Et c’est ainsi que le Dimanche 10 Juillet 2005, à l’aube d’une matinée ensoleillée, s’élancèrent, depuis le parvis de l’Eglise de Cambo, bien avant l’heure de la grand’messe, deux douzaines de courageux comptant seulement 1/3 d’hommes. Direction Hélette à une vingtaine de kilomètres, vite parcourus d’un pas alerte par cette petite troupe ; elle fera halte en cours de route à Macaye pour un pique-nique à l’ombre des chênes d’un pré limité par un ruisseau où s’abreuvent des vaches flegmatiques, indifférentes au passage de ces braves.

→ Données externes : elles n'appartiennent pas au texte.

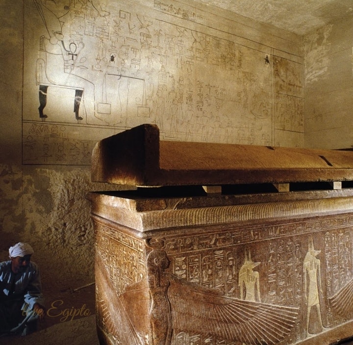 The sarcophagus of Horemheb is carved out of a block of red granite measuring 2.72m in length, 1.15m in width, and 1.41m in height (with the lid).

Accueil chaleureux à Hélette où les flonflons annoncent que la Kermesse Paroissiale bat son plein. Hélette, « lieu des troupeaux, » à l’ombre du Baïgura, sur l’antique voie romaine qui reliait Bayonne à Saint Jean Pied de Port, est traversé du Nord au Sud par le Chemin de Saint Jacques. Dès leur arrivée, les marcheurs se recueilleront un instant à l’église au pied de la statue de Saint Jacques représenté en pèlerin.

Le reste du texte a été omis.